In recent years, the focus on – and importance of – regulatory reporting has intensified. Accounting scandals, secretive financial dealings, and other shady business practices have lead to increasingly stringent guidelines such as Sarbanes Oxley, BASEL II, and other rigid financial reporting standards aimed at holding organizations more responsible for the way they manage, track, and account for their monetary assets.
Regulatory reporting requires companies to consolidate, calculate, and present their financial data in the most timely and accurate manner possible. But, with revenue and expense data residing in various disparate enterprise sources such as accounting applications, order entry systems, third-party payroll databases, and budgeting and forecasting solutions – how can an organization efficiently and effectively comply with these complex regulations?
Know the Guidelines
In many organizations, few stakeholders have full knowledge of all the guidelines and rules that govern the business. Additionally, legislation changes frequently, and the various federal, state, and local agencies are issuing new and revised laws all the time. Therefore, it is critical that you identify those who are most accountable for overseeing compliance with regulatory reporting guidelines, and put the appropriate measures in place to ensure that they are well-informed about existing rules, and keep on top of any new or revised ones.
It is also important to note that some regulatory bodies require companies to designate a senior representative to certify report contents, holding them personally responsible for the information’s accuracy and integrity. Choose this person wisely.
Assess Your Risk
Are your global operations, and such factors as accounting systems in multiple languages or currency conversions, hindering your ability to generate fast and consistent financial reports? Are consolidations and calculations manual, increasing the number of errors and negatively impacting data integrity? Or, do you lack an effective audit trail, so you can track how financial data has been entered, altered, or accessed?
Questions like these are critical to understanding where exposure for non-compliance exists, so you can take swift corrective action. Have a third-party “expert”, such as a consultant, come in and conduct an unbiased assessment of your current reporting processes and systems, and make recommendations for new procedures and tools to help ensure effective compliance.
Leverage Your Master Data and Metadata
Master data and metadata have both proven to be effective ways to enable improved regulatory reporting. For example, a master data management strategy allows companies to develop enterprise definitions, such as what “open” account status means in the case of a mortgage, a checking account, a line of credit, etc. This gives financial managers access to a common view of accurate and timely financial information from systems across the enterprise.
Additionally, metadata, particularly that generated by business intelligence systems, can help ensure the appropriate storage, retention, and disposal of mission-critical financial information – including that contained in unstructured formats such as emails and images.

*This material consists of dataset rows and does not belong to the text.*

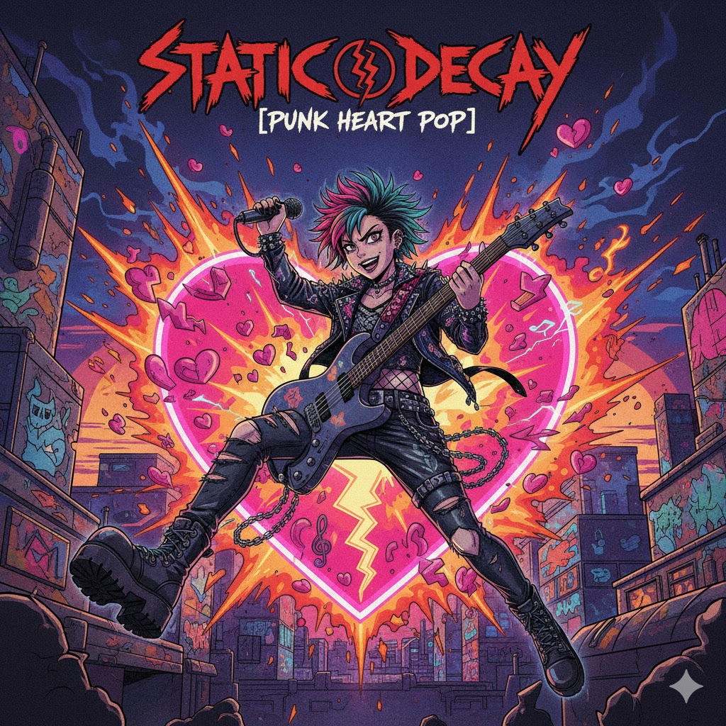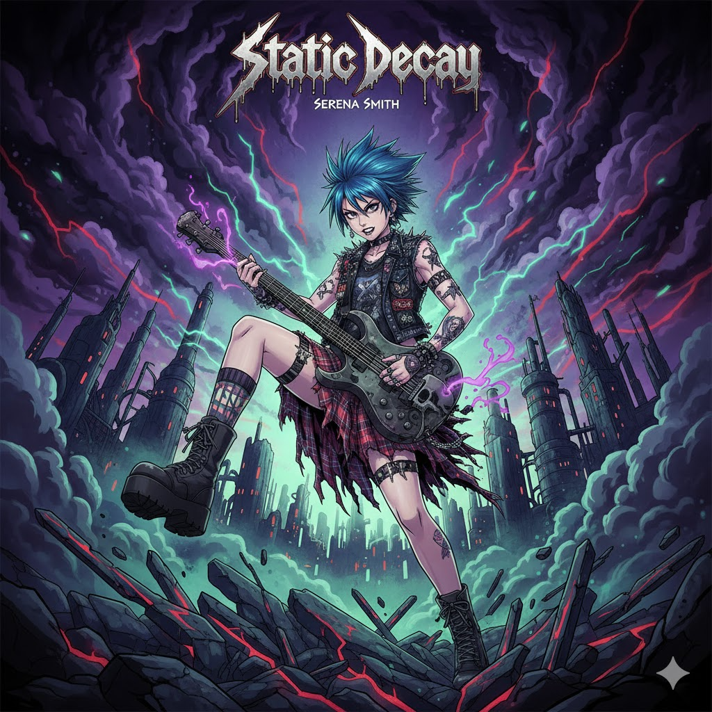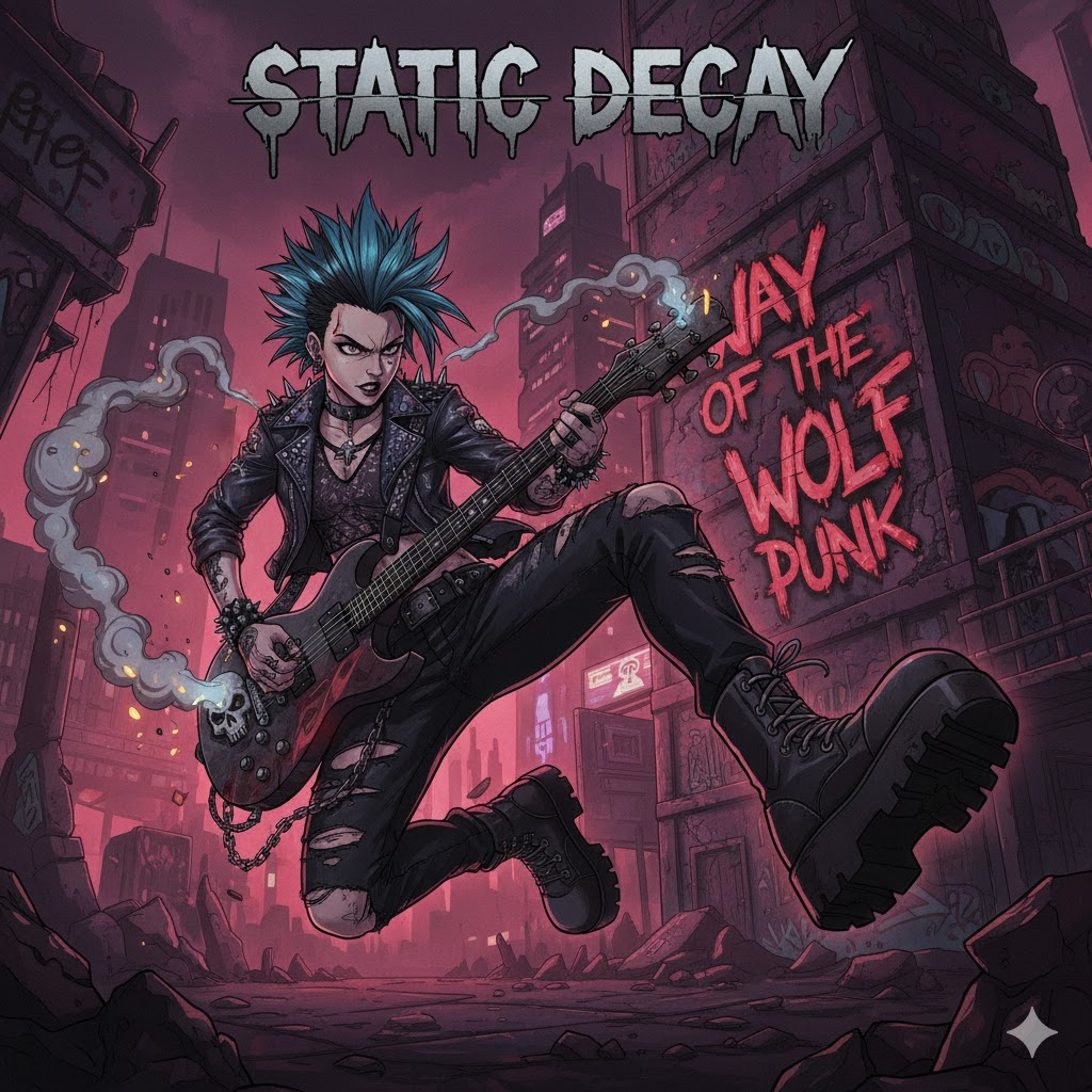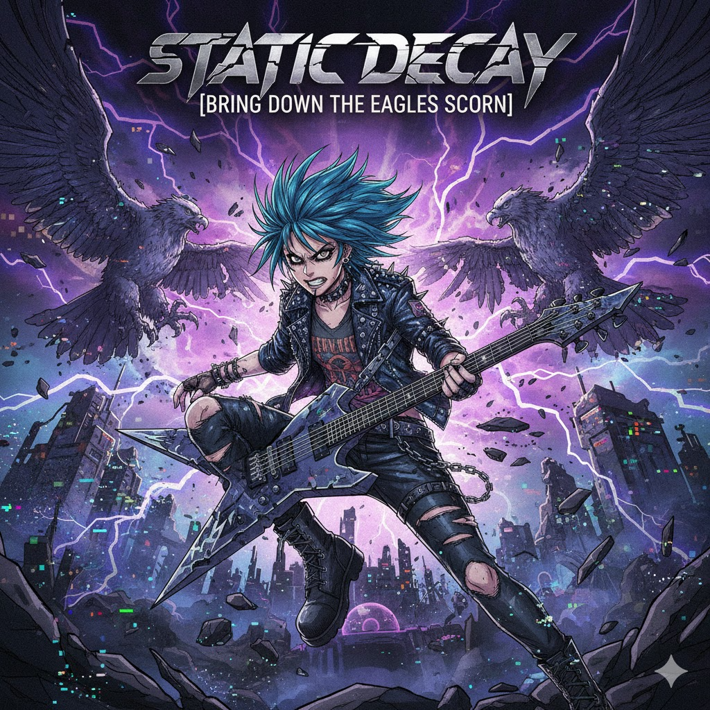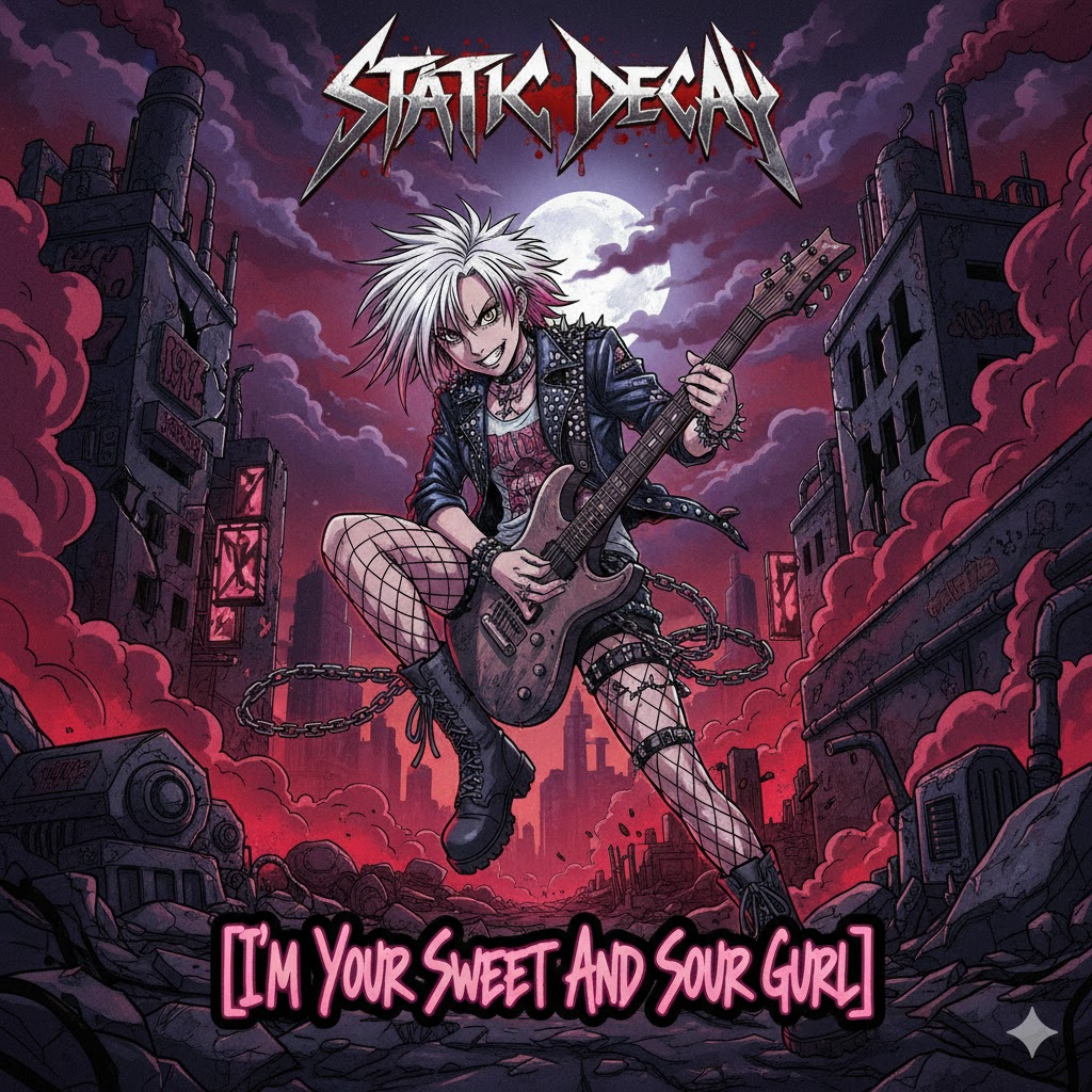 punk/alternative metal, punk guitar solos, Female lead singer only, female vocals ranging from f3 to g5, rage against the machine song vibe, bands name [static decay] before the first verse, punk grit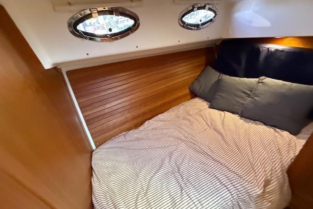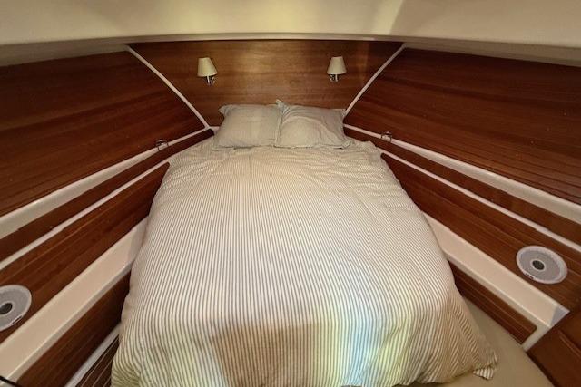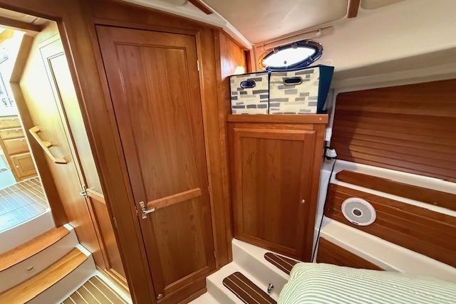 In the master stateroom there is an island berth for ease of egress, and for stowage of owner’s gear, there are many lockers and drawers provided. To starboard aft of the master is a full guest cabin with a pullman berth and ample storage capacity. Opposite and to port is a large head unit with separate stall shower.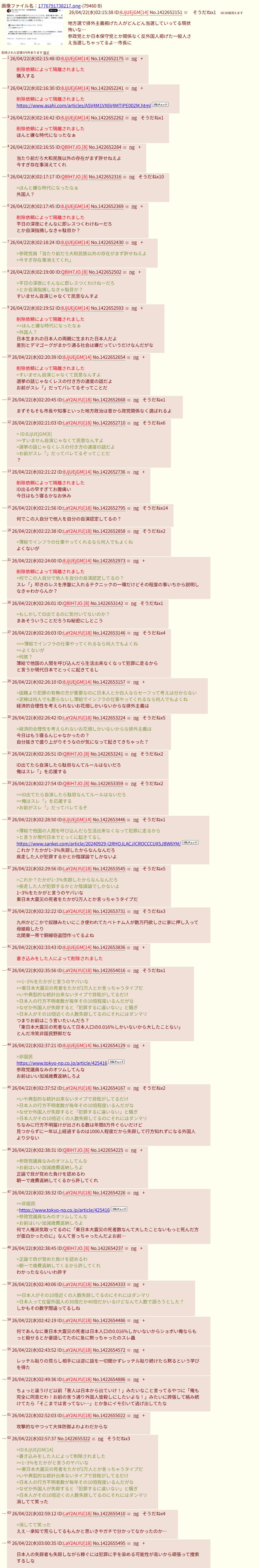 | … | 426/04/22(水)02:16:55 ID:QBlH7JO.No.1422652284+当たり前だろ大和民族以外の存在がまず許せねえよ |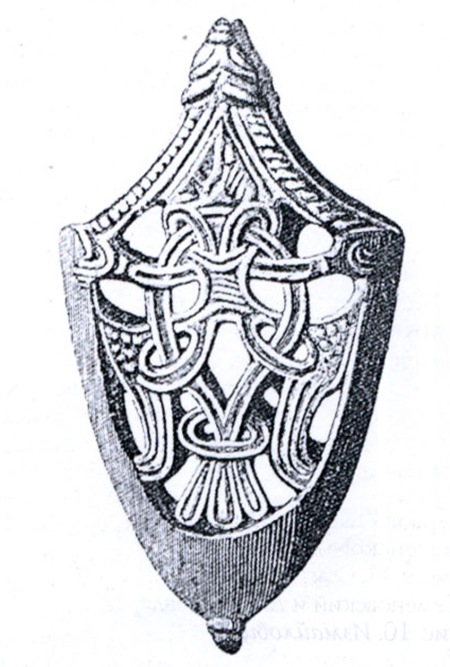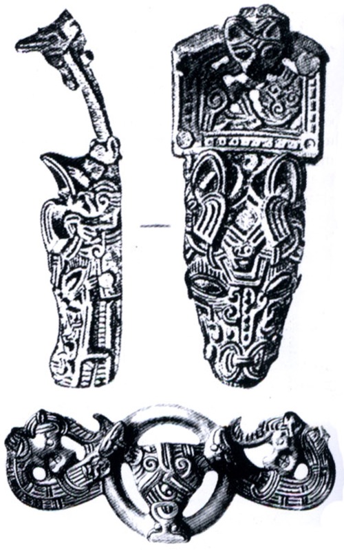 Рукоять меча, украшенная бронзовыми орнаментированными накладками в стиле Борре Наконечник ножен меча с изображением птицы в стиле Борре (М 1:1)  Бляшка, послужившая прототипом при реконструкции копейного флажка (М 1:1)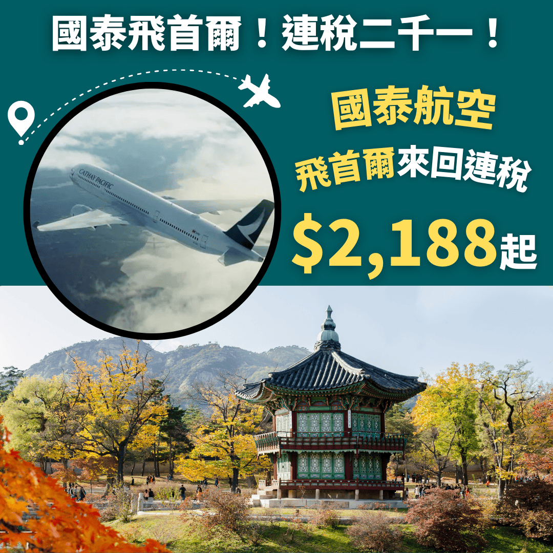 國泰飛首爾!連稅二千一!12月17日前出發!香港飛首爾來回連稅$2,188起 – 國泰航空 (優惠至9月30日)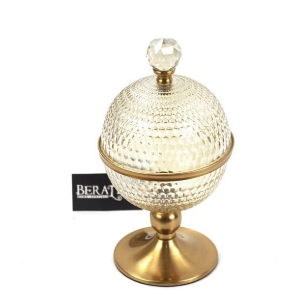 צנצנת בצבע זהב עם זכוכית בעיצוב אלקטרוני מידות: 31/15 *ללא איטום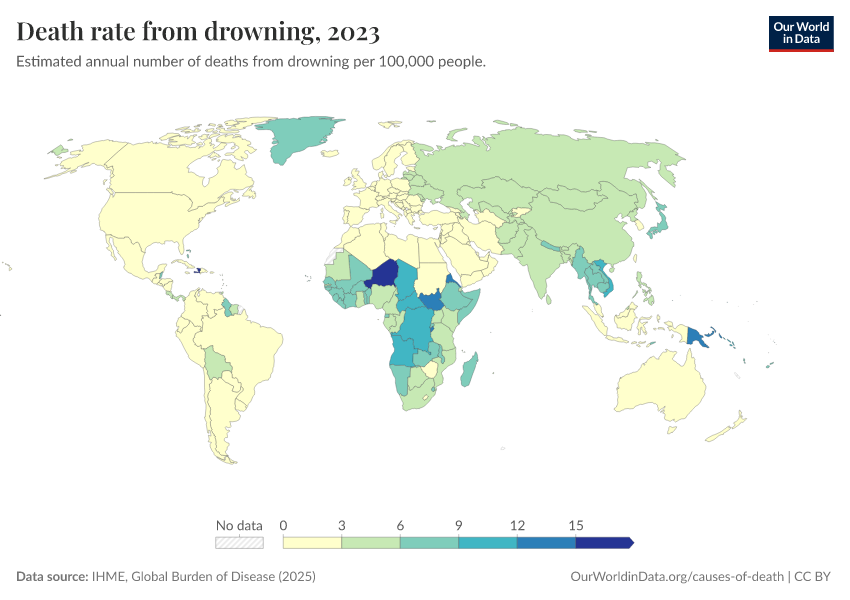 “Data Page: Death rate from drowning”, part of the following publication: Esteban Ortiz-Ospina and Max Roser (2016) - “Global Health”. Data adapted from IHME, Global Burden of Disease. Retrieved from https://owid-bot-svg-tester-thumbnai.owid.pages.dev/grapher/death-rate-from-drowning [online resource]How to cite this data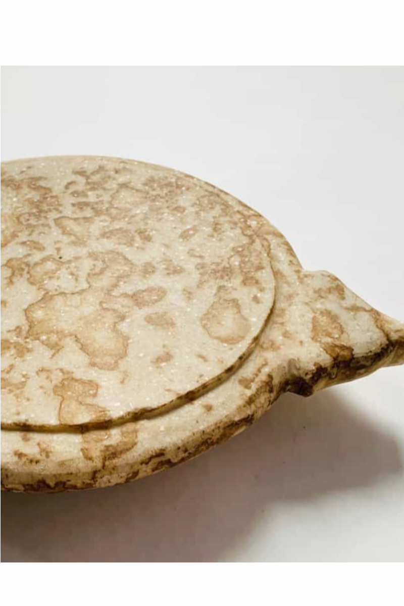 Nydelig marmor fat som du kan bruke som gryteunderlag eller lysfat med herlige beige sjatteringen.

It also provides a virtual “audit trail” of financial information, such as what systems key accounting data resides in, how is it aggregated from various databases, or how expense, revenue, and profit numbers are calculated. Corporate Governance is Key Simply creating a report, and refreshing the data on a regular basis is not enough to guarantee ongoing compliance. If the data you are plugging into your report templates in inconsistent or inaccurate, then your reports will not meet the needed standards, and severe sanctions could result. Since financial data exists in many disparate systems across an organization, strict policies and procedures must be developed, documented, and enforced – and a governing body must be assigned to oversee them – in order to maintain the integrity of all relevant information across the enterprise. With these four surefire tips, you can help your organization facilitate effective compliance and avoid heavy fines and penalties, as well as bad press, damage to corporate image, and decreased trust among prospects, customers, investors, and business partners.